Тротиловый эквивалент - Лев Пучков
Шрифт:
Интервал:
Закладка:
— Не пускать? — уточнил Петрушин, оборачиваясь к Иванову.
— Хозяин, — Иванов пожал плечами. — Где хочет, там и ходит. Почему не пускать?
— Второй, заканчивай, — буркнул Петрушин в рацию. — Дед к тебе идет, значит, там чисто.
— Ну и что — дед? — ответил Глебыч. — Это такой мерзавец, что родную мать не пожалеет, в случае чего. А уж чужого деда... Чуток осталось, потерпите. Пару минут еще...
Наши дамы разом примолкли и с почтением уставились на деда, направлявшегося к «гостевому» дому. Хозяин, одно слово. Тут у них с этим строго.
А я сфокусировался на младшенькой. Девчонке лет четырнадцать, симпатичная такая, глазастая. Сейчас младшенькая окончательно сдавала бывшего постояльца и заодно, до кучи, вранье всего бабьего выводка. Она долго смотрела на одну из фотографий Шаха — с аккуратной бородкой и короткой прической (Серега скомпилировал), затем выразительно вздохнула и поправила непослушную челку, спрятав ее под платок. Как перед зеркалом. Глазки стали влажными, носиком шмыгнула зачем то...
— Что и требовалось доказать, — я с плохо скрываемым торжеством посмотрел на Лизу. — В общем то, домик теперь не обязательно досматривать.
Да, дорогой мой, все в цвет. Сдали тебя дамы, неуловимый ты наш.

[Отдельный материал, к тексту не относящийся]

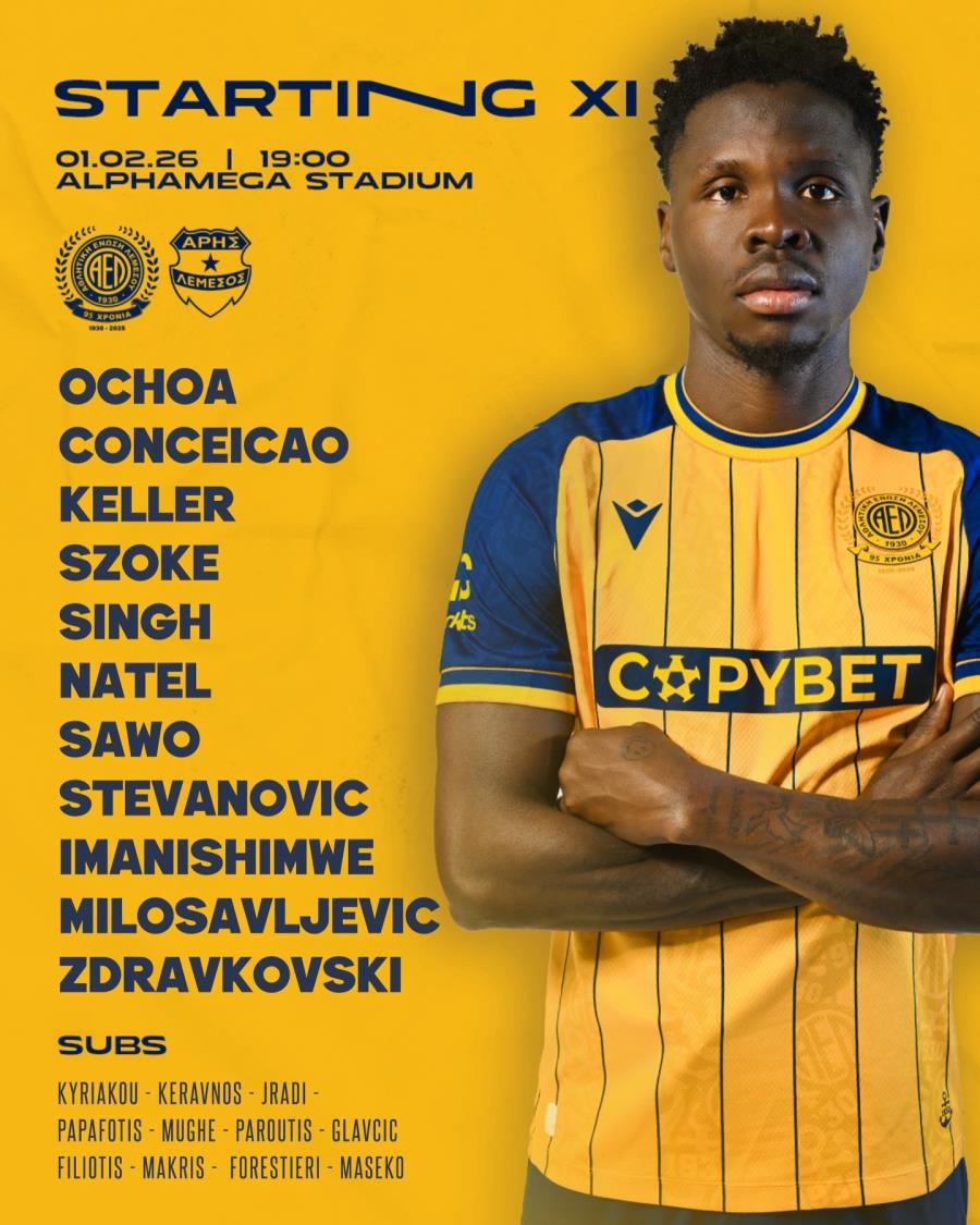 Στον πάγκο οι Πισιηάς, Σωφρόνιου, Λέλε, Κοκόριν, Σανέ, Νεοκλέους, Θεοδοσίου, Κακουλλής, Ακάμπα.

Ты здесь жил и к тебе неплохо относились. До того неплохо, что теперь вздыхают и шмыгают носом, глядя на твое фото. А ты ведь всего несколько часов назад слинял, красавец! Ты чего такого сделал, маньяк, чтобы этак растревожить подростковую душу?
— Ты че там затих, Второй? — в очередной раз потеребил Глебыча Петрушин. — Пара минут давно кончилась... Второй?
— Все? — уточнила Лиза.
— Да, я же сказал...
— Отлично, — Лиза достала сигареты и закурила.
Выражение глаз наших дам резко стало осуждающим. Типа, не ожидали. Так ты, оказывается, только прикидывалась скромницей?
— А теперь уже без разницы, — пожала плечиками Лиза, собирая фотографии. — Так что, гостиницу смотреть не будем?
— Да там Глебыч что то застрял...
Где то на улице, вне двора, послышался негромкий звук работающего двигателя. Мы разом навострили уши.
— Движение, — сообщил по рации Серега.
— Транспорт? — уточнил Петрушин.
— Белая «Нива», — подтвердил Серега. — Из соседней усадьбы, следующей за вашей, выехала белая «Нива». Пятидверная. Направляется к противоположной от нас оконечности села. Короче, уезжает. Она пока у нас в секторе.
— Деды перетерли, и «Нива» уехала, — нахмурился Вася. — Может, пока в секторе, пусть Саня шмальнет?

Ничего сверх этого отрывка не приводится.